Lathes are pretty cool, especially ones like this with a good autofeed and digital readout.

I ended up turning a wider ID for the ferrule, about 8mm deep into it. I figure that 8mm is enough surface for a good lap joint, plenty of space for the solder to wick down and make it strong. Stainless, especially in grades  like this (316L), is a tricky metal to machine. It’s very hard, kind of stringy, and needs a lot of care when working. Bear in mind when taking anything from the following process that I’m a rank novice at fabricating.

A ferrule during machining

When I set the flange in the chuck, I clean both surfaces, tighten it slightly, and then get a rubber mallet and gently tap all around to make sure it’s sitting square. I set the lathe very slow, 112 RPM seems to be a nice spot for me. I tried 80 and it’s great too, but 112 gets it done quicker without too much extra heating. The auto feed speed is set to about 0.05 mm/rev (not sure on what the correct notation is for that unit? distance travelled per revolution of the workpiece). I’m only cutting about 0.5-0.7mm per pass, so about 5 passes required to turn out the ferrule to fit the pipe. As for cooling, I just stand there with a bottle of cutting fluid and slosh a little bit onto the tool and the workpiece every now and then, once or twice per pass is working really well for me. You can probably see a bit of the fluid pooled on the ferrule in the above photo, a pink liquid. I’ try to tweak the depth / speed / feed until I get a nice spiral swage coming off in long strings, and I pay attention to the colour of it – a pale straw colour is acceptable, this is the point I’m aiming for in terms of efficiency, although sometimes I’m going slower if I’m not paying attention. If you start getting purple, slow down, more fluid, give it a rest, etc. That should be a drama though, because the cutting fluid will be boiling constantly by that stage.

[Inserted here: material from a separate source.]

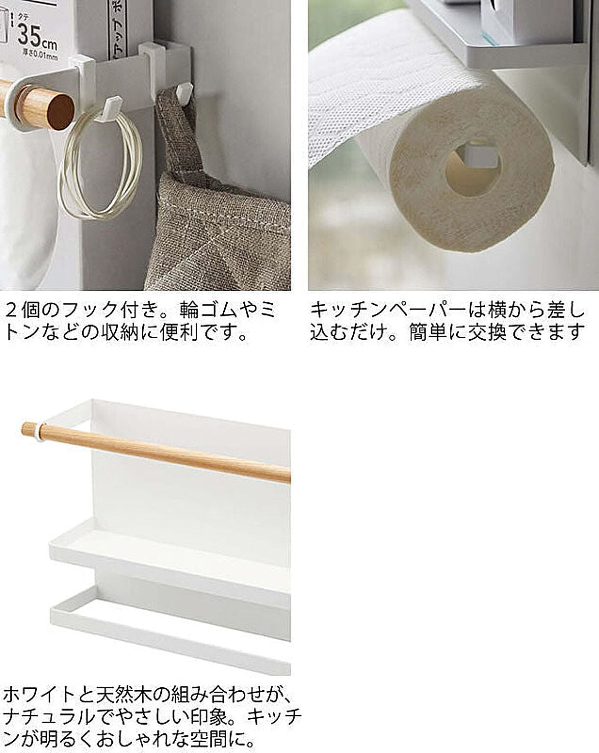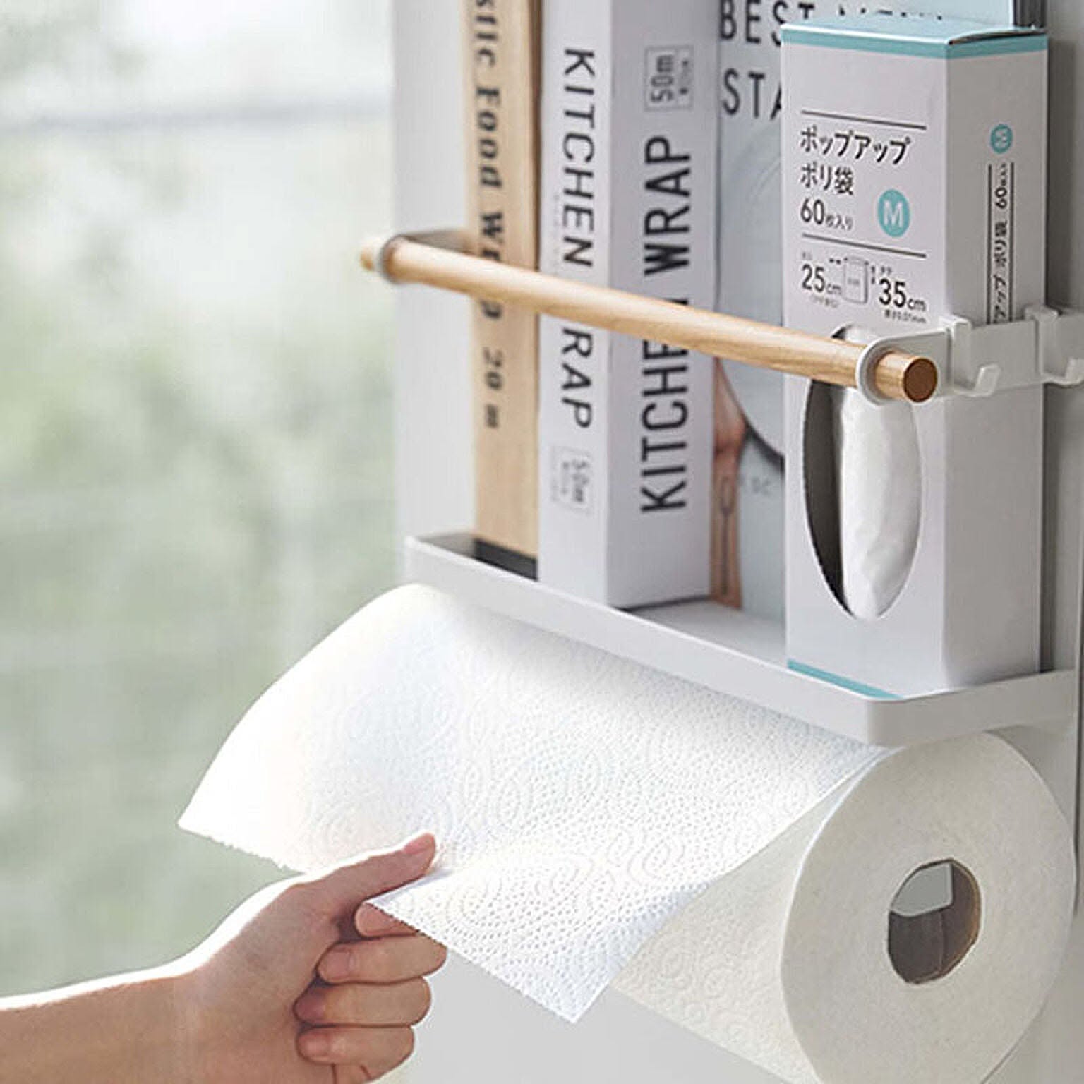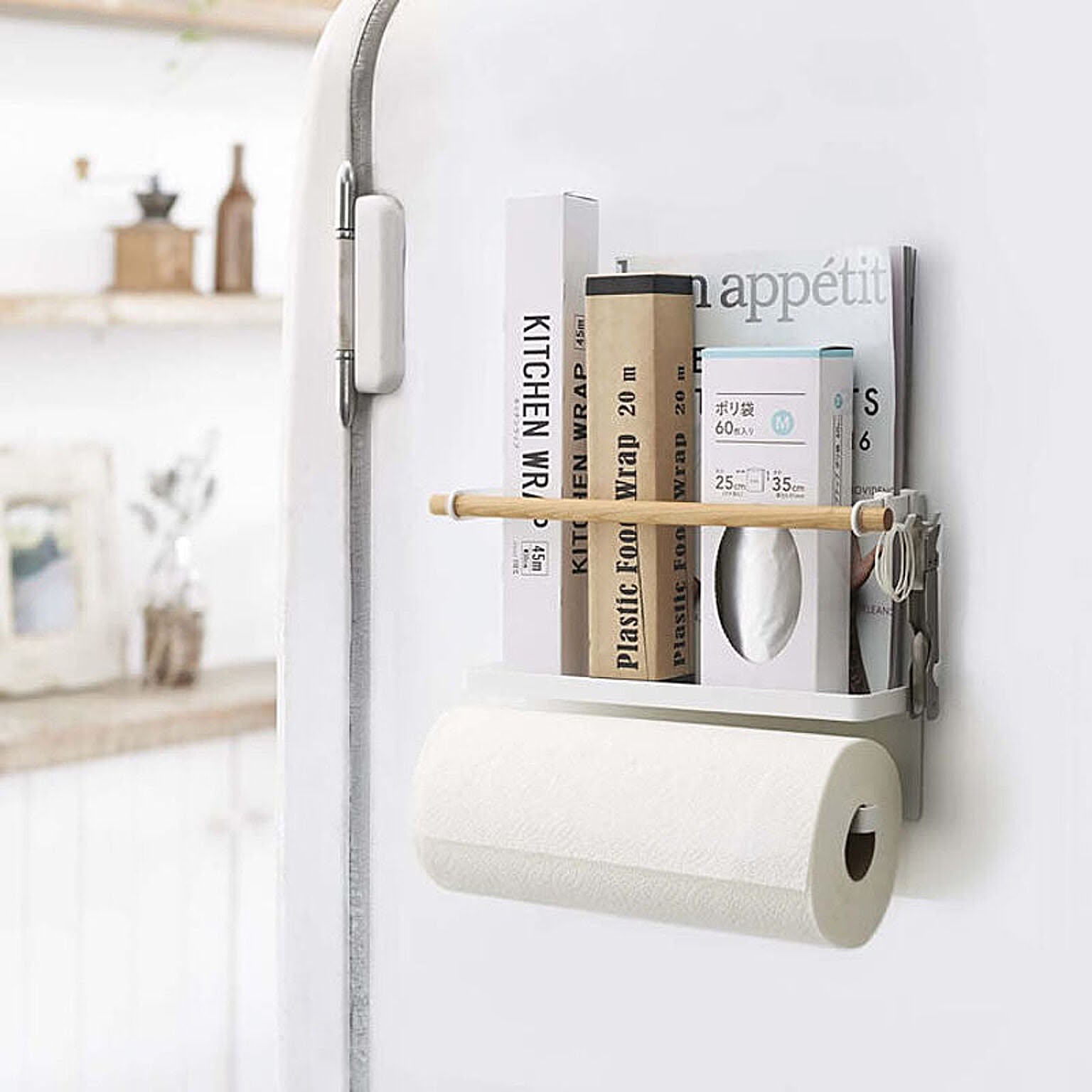 マグネット式で、冷蔵庫に貼り付けるだけで、新たな収納スペースがつくれる優れもの。

The results sit tight and snug, though the slight deformations of the pipe from cutting can mean that if you want them really snug you need to give the pipe a slight squeeze in the vice or something. After the first one, which I had to seat with a hydraulic press (overkill), most of mine have been fine to seat by hand after I’ve filed a leading edge onto the copper.

Filing a leading edge onto the copper to help it seat in the machined ferrule.

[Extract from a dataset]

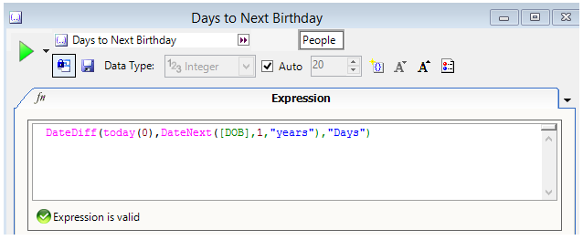 Mit einer Funktion namens „DateDiff“ kann ich nun die Anzahl der Tage bis zum zuvor berechneten nächsten Geburtstag ab heute kalkulieren. Das heutige Datum wird in der Funktion als „today (0)“ dargestellt.
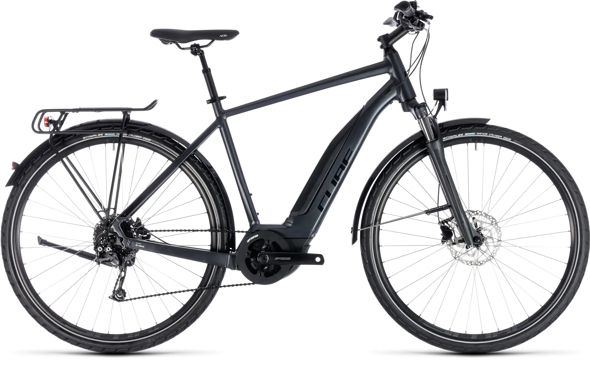 When our engineers set out to re-design the Touring Hybrid ONE's frame from the ground up, they started by moving the powerful battery into a position that improves the bike's overall stability. So, for the easy entry frame, you'll find it in front of the seat tube. On the men's and trapeze versions, it's incorporated into the sleek down tube and protected from the elements by a custom-designed cover. The Bosch drive unit is protected by a CUBE bash plate. Hydroforming tube technology allowed us to create an exceptionally light, stiff and stable frame, and we tweaked our popular Efficient Comfort Geometry to ensure that the ride position is ergonomically optimised for long rides and efficient pedalling, but with lively handling that will inspire you to go further. Smooth welds add to the modern appearance and we've even routed cables internally for clean looks and reduced maintenance. Have we thought of everything? We reckon so... so that you can concentrate on riding.

After filing, they came together nicely, square, and almost perfectly flush on the inside:

Nice and flush

Nice and square.

Also appealing about this method is the fact that copper expands faster than stainless when heated – that means these joints will get tighter, not looser, as they are brazed, or as the still is operated.

So, with the ferrule joints no longer a problem, I needed to get started on making some copper bends out of my pipe. Off the shelf bends are normally die-cast – this is way beyond my resources.

A 90 bend being trimmed down to size in the drop bandsaw.

The fittings I’ve needed so far have been pretty easily created by using a drop bandsaw running nice and slow to cut for a brazed miter joint. I could cut at 45 and end up with a 90 bend like pictured being worked on in the drop bandsaw above, or at 22.5 and end up with a piece like below. I actually made that 90 on top of a long section to be the column on my pot still before realising that I’m wasting a potential 30cm of column height on the reflux still by not putting a union in below it – now I’ve cut it I can take that section and pack it. Modular!

A home made 45 bend with a ferrule seated on one end

I still haven’t decided if I’m going to make 4″ endcaps for my shell and tube condenser (reflux condenser for the column), or get someone to buy them for me in aussie and send them over. It seems that their prices probably make it worth it compared to the time cost of more complicated fitting fabrication than simple bends.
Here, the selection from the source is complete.